Philosophy of the Unconscious
- Author: Eduard von Hartmann
- Original title: Philosophie des Unbewussten
- Translator: W. C. Coupland
- Language: German
- Subject: Unconscious mind
- Published: 1869 (Duncker, in German); 1884 (in English);
- Publication place: Germany
- Media type: Print (Hardcover and Paperback)
- ISBN: 978-1440050282

= Philosophy of the Unconscious =

1869 book by Eduard von Hartmann

Philosophy of the Unconscious: Speculative Results According to the Induction Method of the Physical Sciences (Philosophie des Unbewussten) is an 1869 book by the philosopher Eduard von Hartmann. The culmination of the speculations and findings of German Romantic philosophy in the first two-thirds of the 19th century, Philosophy of the Unconscious became famous. By 1882, it had appeared in nine editions. A three-volume English translation appeared in 1884. The English translation is more than 1100 pages long. The work influenced Sigmund Freud's and Carl Jung's theories of the unconscious.

==Reception==
Philosophy of the Unconscious was translated from German into French and English, and went through many editions in all three languages, exerting a great influence on European culture and helping to make the idea of the unconscious familiar and accepted by the close of the 19th century. The work was widely read. Philosophy of the Unconscious received a critical discussion in the philosopher Franz Brentano's Psychology from an Empirical Standpoint (1874); Brentano commented that Hartmann's definition of consciousness perhaps referred to "something purely imaginary" and certainly did not agree with his definition of consciousness.
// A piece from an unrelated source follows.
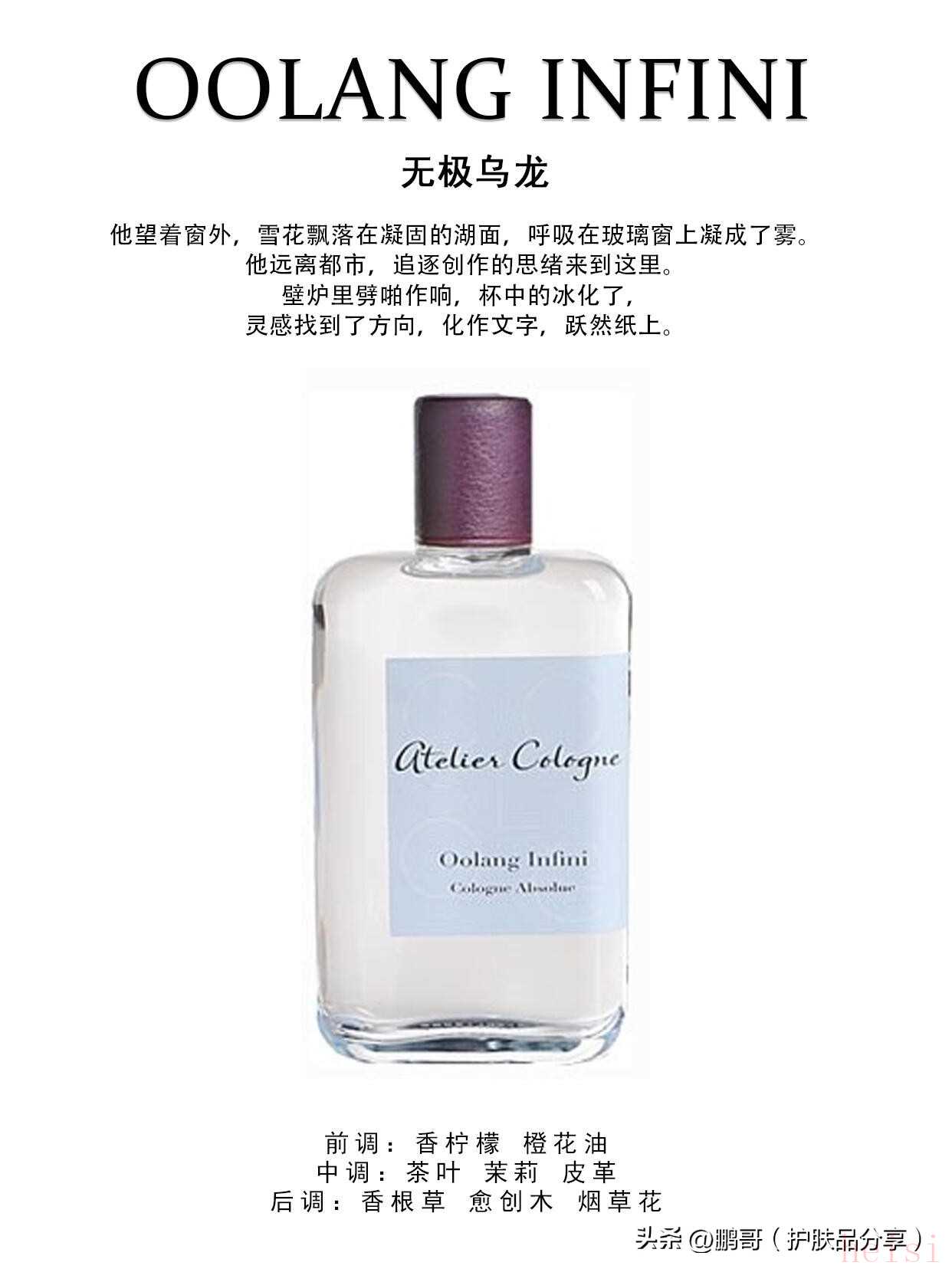 前调略带酸意的焚香,混合着木头和灰烬的味道,中调百合花香迷人沉静冷淡,尾调禁欲系的木质焚香调沉静内敛,散发出一种高贵气质,有种“生人勿近”的魅力。刚喷出来可以闻到陈腐的酸味混合着花香,隐约有一种辛辣味,很快变成有点奶香的檀木香味,后调多种香料呈现,恍惚间传来一阵焚香气息,一种温柔深沉的木质焚香。冥府之路,其实是纪念阿蒂仙品牌的一款香水,阿蒂仙总部所在马路,名字叫“地狱之路”,后来进入中国后,名字变成“冥府之路”,有一点纪念的意义在其中,这是一款争议很大的香水。第四款:欧珑无极乌龙香水他望着窗外,雪花飘落在凝固的湖面,呼吸在玻璃窗上凝成了雾,他远离都市,追逐创作的思绪来到这里,壁炉里劈啪作响,杯中的冰化了,灵感找到了方向,化作文字,跃然纸上。

The philosopher Friedrich Nietzsche described Hartmann's book as a "philosophy of unconscious irony", in his On the Use and Abuse of History for Life, one of the essays included in Untimely Meditations (1876). In Nietzsche's words: "Take a balance and put Hartmann's 'Unconscious' in one of the scales, and his 'World-process' in the other. There are some who believe they weigh equally; for in each scale there is an evil word—and a good joke."

Hartmann's work has been seen as preparing the way for Freud's later theory of the unconscious. Freud consulted Philosophy of the Unconscious while writing The Interpretation of Dreams (1899), in which he called Hartmann the firmest opponent of the theory that dreams are wish fulfillments. The philosopher Hans Vaihinger was influenced by Philosophy of the Unconscious, relating in his The Philosophy of 'As if' (1911) how it led him to Schopenhauer. The psychiatrist Henri Ellenberger writes in The Discovery of the Unconscious (1970) that the main interest of Hartmann's work is not its philosophical theories, but its wealth of supporting material.

The psychologist Hans Eysenck writes in Decline and Fall of the Freudian Empire (1985) that Hartmann's version of the unconscious is very similar to Freud's. The philosopher Roger Scruton described Philosophy of the Unconscious as the "first major treatise" about the unconscious in Sexual Desire (1986). He credited Hartmann with offering a "canny and vigorous" description of sexual desire, but nevertheless considered him unsuccessful in explaining its intentionality. John Kerr writes that Hartmann's ideas about "destruction and transformation" parallel those of psychoanalyst Sabina Spielrein. The Italian poet Giovanni Pascoli was influenced by Philosophy of the Unconscious in his poetics program, "Il fanciullino" ("The child", 1897).

==English translation==
The first English translation by W. C. Coupland was published in 1884, with the title Philosophy of the Unconscious, a literal translation of the German title. It is currently available as a reprint with the same title.